ただしインフルエンザの症状やインフルエンザ脳症・死亡のいずれの点でも, A型よりもB型の方がかかっても「軽くなる」わけではなさそうです
従ってB型が流行しているような時期でも, B型だからと軽視せずにA型のときと同じように感染への対策は続けていくべきではないでしょうか.


<参考文献>
*1 Irving SA, et al. Comparison of Clinical Features and Outcomes of Medically Attended Influenza A and Influenza B in a Defined Population Over Four Seasons: 2004-2005 Through 2007-2008. Influenza Other Respir Viruses 2012; 6(1): 37-43.
*2 Su S, et al. Comparing Clinical Characteristics Between Hospitalized Adults With Laboratory-Confirmed Influenza A and B Virus Infection. Clin Infect Dis 2014; 59(2): 252-255.
*3 Daley AJ, et al. Comparison of Influenza A and Influenza B Virus Infection in Hospitalized Children. J Paediatr Child Health 2000; 36(4): 332-335.

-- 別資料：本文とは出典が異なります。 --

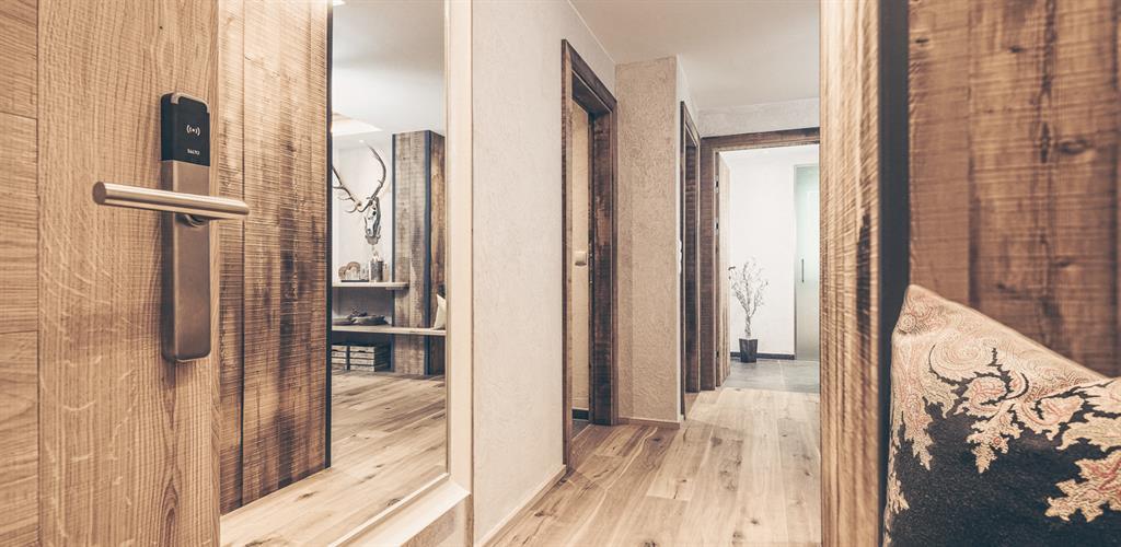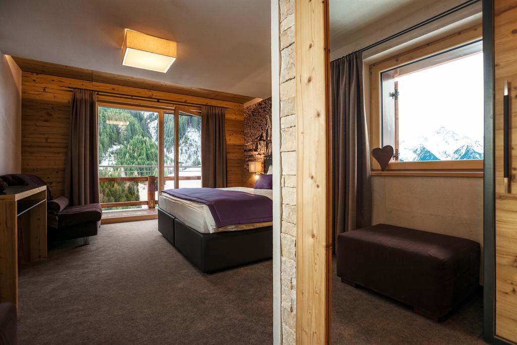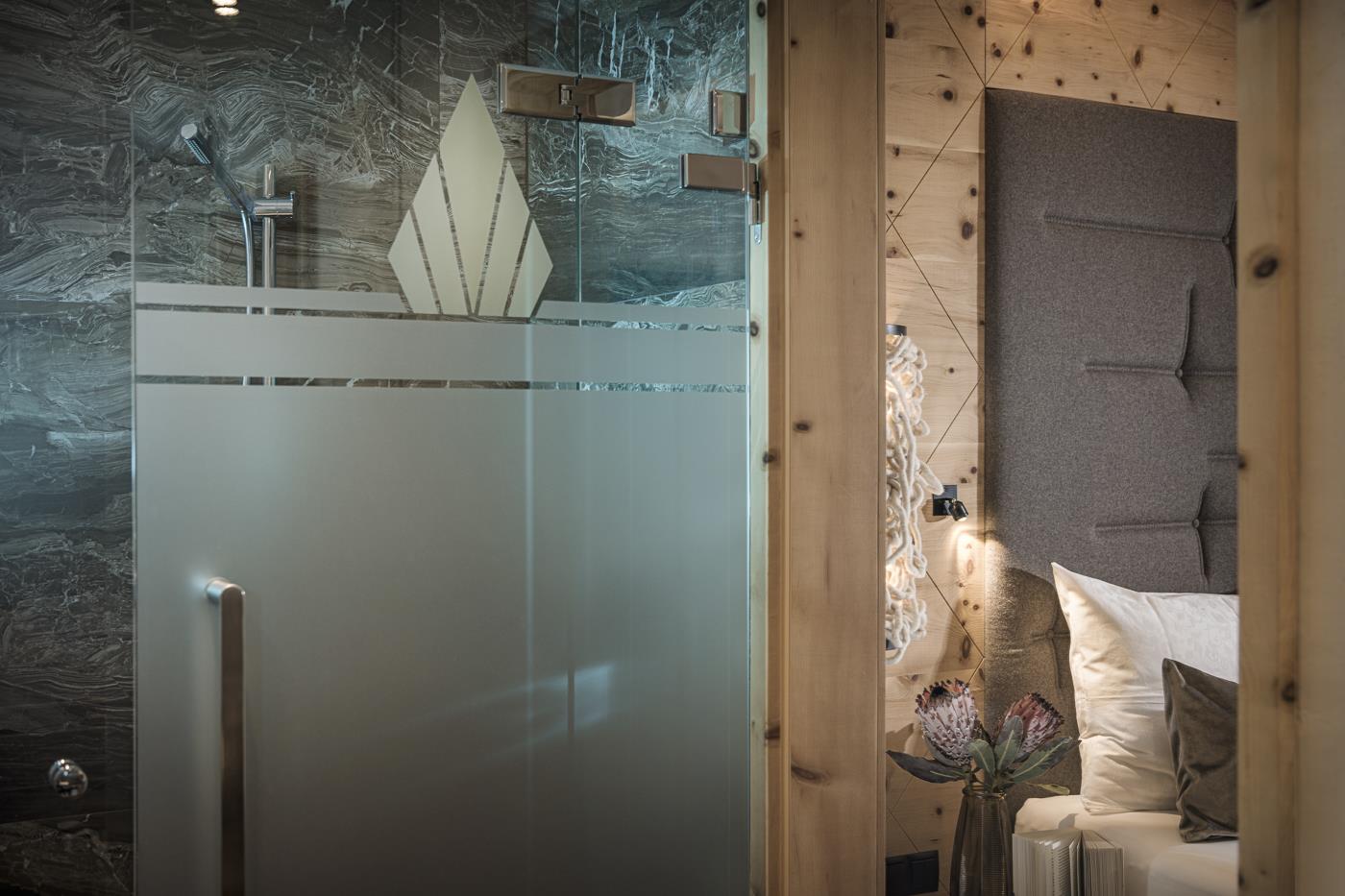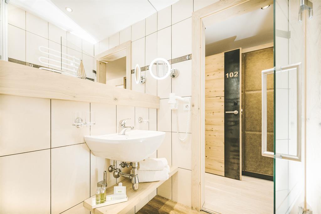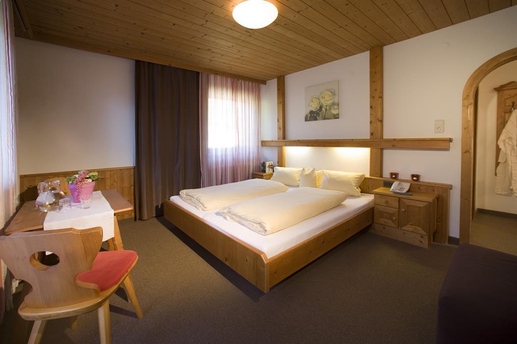 Doppelzimmer Zirbennest Zirbenzimmer zum Entspannen Größe ca. 22m², Regendusche (inkl. Duschgel/Seife), WC, Föhn, Bademantel, Balkon, Flat Screen (32") mit Sat Anschluss, Zimmersafe und kostenlosem WLAN-Zugang. Balkon mit Tisch und Stühlen, zur Nordseite
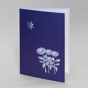 シルバーで書かれた“悼”の文字と三輪の菊の花
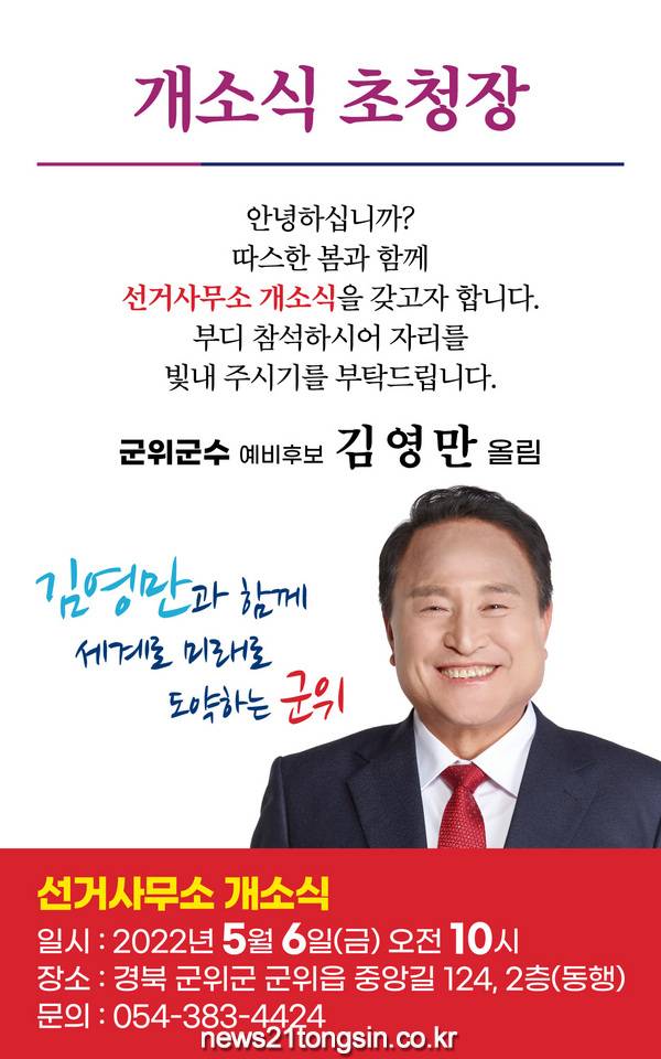 국민의힘 경북도당이 3선에 도전하는 포항시장, 영주시장, 군위군수의 컷오프 결정을 철회하고, 경선을 결정하자 김 군수는 경선의 부당함을 주장하며 중앙당에 경선 이의신청서를 제출하고 지난 2일 예비후보를 등록하고 선거전에 뛰어들었다.
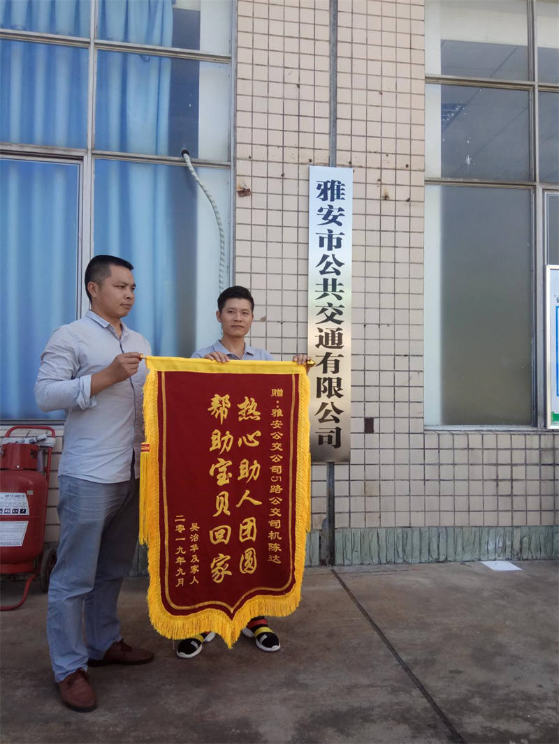 正是由于陳達細(xì)致耐心的服務(wù)和面對突發(fā)事件的沉穩(wěn)冷靜,避免了該起兒童走失事件發(fā)展成更大的悲劇,挽救 了一個家庭。9月20日,為了表達感激之情,男童的父親吳治華來到公交公司將一面寫有“熱心助人團圓,幫助寶貝回家”的錦旗送到了陳達手上。

*4 Tran D, et al. Hospitalization for Influenza A Versus B.Pediatrics 2016; 138(3); 138 (3): e20154643.
*5 Oh YN, et al. Clinical Similarities Between Influenza A and B in Children: A Single-Center Study, 2017/18 Season, Korea. BMC Pediatr 2019; 19(1): 472.
*6 Okuno H, et al. Characteristics and Outcomes of Influenza-Associated Encephalopathy Cases Among Children and Adults in Japan, 2010-2015. Clin Infect Dis 2018; 66(12): 1831-1837.
*7 国立感染症研究所, 厚生労働省結核感染症課. インフルエンザについて (2018/19 シーズン).